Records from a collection
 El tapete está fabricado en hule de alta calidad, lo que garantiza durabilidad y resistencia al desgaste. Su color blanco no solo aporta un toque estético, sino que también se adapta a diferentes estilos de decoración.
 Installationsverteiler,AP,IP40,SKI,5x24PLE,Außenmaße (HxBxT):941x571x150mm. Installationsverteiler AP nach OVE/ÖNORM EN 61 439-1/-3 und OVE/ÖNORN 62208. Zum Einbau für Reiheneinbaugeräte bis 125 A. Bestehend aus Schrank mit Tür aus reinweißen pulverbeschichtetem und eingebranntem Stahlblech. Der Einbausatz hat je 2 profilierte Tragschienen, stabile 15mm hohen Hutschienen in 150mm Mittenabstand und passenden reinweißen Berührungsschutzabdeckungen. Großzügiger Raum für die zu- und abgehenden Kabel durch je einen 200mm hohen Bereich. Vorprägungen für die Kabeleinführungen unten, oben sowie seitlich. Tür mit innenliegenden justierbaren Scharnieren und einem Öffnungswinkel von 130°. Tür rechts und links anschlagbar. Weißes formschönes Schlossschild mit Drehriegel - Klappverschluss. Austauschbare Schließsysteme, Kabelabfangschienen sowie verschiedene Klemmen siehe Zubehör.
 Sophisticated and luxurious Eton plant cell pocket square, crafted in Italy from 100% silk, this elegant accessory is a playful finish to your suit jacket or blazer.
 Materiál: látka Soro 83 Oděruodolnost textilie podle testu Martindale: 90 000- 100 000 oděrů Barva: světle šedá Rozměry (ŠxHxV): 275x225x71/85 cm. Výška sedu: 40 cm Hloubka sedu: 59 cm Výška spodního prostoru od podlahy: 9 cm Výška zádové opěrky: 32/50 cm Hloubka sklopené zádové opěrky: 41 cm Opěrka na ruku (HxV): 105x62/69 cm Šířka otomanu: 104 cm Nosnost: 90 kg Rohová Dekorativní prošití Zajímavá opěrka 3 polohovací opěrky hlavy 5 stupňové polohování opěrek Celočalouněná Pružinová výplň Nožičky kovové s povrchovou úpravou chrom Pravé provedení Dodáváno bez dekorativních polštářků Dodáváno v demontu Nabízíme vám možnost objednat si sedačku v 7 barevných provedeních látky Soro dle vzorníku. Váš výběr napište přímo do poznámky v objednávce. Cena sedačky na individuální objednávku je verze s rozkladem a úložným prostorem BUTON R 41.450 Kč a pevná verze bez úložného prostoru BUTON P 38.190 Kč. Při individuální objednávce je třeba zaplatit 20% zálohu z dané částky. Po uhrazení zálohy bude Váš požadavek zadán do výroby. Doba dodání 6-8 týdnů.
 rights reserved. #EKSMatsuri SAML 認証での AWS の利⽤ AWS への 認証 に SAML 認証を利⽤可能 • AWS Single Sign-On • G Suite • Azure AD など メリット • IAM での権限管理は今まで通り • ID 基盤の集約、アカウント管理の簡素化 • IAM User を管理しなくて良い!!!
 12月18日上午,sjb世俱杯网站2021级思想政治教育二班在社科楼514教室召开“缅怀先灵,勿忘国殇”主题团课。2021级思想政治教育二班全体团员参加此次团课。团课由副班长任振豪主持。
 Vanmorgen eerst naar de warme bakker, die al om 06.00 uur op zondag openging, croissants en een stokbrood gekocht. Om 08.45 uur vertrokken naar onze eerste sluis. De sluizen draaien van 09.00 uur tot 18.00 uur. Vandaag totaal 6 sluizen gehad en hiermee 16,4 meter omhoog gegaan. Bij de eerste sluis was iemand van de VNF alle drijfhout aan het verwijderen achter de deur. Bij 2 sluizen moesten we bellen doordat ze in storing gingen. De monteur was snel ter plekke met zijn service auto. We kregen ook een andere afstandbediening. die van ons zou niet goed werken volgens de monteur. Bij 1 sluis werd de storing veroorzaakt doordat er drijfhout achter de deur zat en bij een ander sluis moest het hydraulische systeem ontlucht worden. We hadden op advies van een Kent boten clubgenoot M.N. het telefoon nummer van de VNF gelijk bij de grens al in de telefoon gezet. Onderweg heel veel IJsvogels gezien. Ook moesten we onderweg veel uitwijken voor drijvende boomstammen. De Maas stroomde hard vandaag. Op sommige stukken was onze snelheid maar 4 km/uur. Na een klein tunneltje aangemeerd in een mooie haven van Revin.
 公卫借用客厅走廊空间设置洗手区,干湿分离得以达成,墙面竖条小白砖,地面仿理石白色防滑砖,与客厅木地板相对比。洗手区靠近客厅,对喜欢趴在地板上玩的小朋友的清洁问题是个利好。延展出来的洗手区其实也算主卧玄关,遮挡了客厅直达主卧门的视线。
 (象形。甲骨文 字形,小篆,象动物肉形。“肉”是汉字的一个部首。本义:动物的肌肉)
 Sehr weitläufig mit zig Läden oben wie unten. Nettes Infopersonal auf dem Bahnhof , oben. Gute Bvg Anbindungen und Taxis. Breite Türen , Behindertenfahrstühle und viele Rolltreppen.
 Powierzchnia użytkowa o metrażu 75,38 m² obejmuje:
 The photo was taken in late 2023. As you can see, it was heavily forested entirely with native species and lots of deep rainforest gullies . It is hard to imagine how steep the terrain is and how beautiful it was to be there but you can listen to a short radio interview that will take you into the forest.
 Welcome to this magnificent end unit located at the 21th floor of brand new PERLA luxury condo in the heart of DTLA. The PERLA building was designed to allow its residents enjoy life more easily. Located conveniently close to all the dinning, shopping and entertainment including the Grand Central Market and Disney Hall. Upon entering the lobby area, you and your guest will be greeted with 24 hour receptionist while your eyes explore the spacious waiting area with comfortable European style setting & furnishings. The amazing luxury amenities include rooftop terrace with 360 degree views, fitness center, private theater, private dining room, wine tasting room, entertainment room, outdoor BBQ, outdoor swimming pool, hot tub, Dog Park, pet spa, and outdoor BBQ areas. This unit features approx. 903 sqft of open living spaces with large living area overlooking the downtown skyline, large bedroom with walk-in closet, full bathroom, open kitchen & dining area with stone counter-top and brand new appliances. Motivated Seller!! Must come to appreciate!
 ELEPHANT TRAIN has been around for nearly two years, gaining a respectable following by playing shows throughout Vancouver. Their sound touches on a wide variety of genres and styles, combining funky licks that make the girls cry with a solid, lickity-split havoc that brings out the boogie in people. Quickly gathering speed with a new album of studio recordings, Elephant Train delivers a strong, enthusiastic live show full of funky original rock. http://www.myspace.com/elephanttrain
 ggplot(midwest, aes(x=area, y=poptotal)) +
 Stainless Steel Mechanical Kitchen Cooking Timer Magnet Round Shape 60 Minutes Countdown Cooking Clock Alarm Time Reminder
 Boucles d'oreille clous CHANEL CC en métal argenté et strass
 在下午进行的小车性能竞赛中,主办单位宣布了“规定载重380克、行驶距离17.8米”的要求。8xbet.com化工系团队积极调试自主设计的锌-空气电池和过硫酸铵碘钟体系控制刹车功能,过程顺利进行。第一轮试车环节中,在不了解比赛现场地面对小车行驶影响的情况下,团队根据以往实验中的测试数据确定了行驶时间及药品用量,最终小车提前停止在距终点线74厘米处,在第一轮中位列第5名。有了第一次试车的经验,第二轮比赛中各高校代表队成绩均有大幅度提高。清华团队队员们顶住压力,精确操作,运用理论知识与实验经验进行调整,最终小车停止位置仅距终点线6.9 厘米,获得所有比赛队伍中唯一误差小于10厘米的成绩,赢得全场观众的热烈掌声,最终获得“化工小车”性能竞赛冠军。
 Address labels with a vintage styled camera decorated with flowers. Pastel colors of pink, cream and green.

■ Brief: Retype exactly the lines above, from the one with "公卫借用客厅走廊空间设置洗手" through the one with "The photo was", inclusive.

■ Exercise response:
 公卫借用客厅走廊空间设置洗手区,干湿分离得以达成,墙面竖条小白砖,地面仿理石白色防滑砖,与客厅木地板相对比。洗手区靠近客厅,对喜欢趴在地板上玩的小朋友的清洁问题是个利好。延展出来的洗手区其实也算主卧玄关,遮挡了客厅直达主卧门的视线。
 (象形。甲骨文 字形,小篆,象动物肉形。“肉”是汉字的一个部首。本义:动物的肌肉)
 Sehr weitläufig mit zig Läden oben wie unten. Nettes Infopersonal auf dem Bahnhof , oben. Gute Bvg Anbindungen und Taxis. Breite Türen , Behindertenfahrstühle und viele Rolltreppen.
 Powierzchnia użytkowa o metrażu 75,38 m² obejmuje:
 The photo was taken in late 2023. As you can see, it was heavily forested entirely with native species and lots of deep rainforest gullies . It is hard to imagine how steep the terrain is and how beautiful it was to be there but you can listen to a short radio interview that will take you into the forest.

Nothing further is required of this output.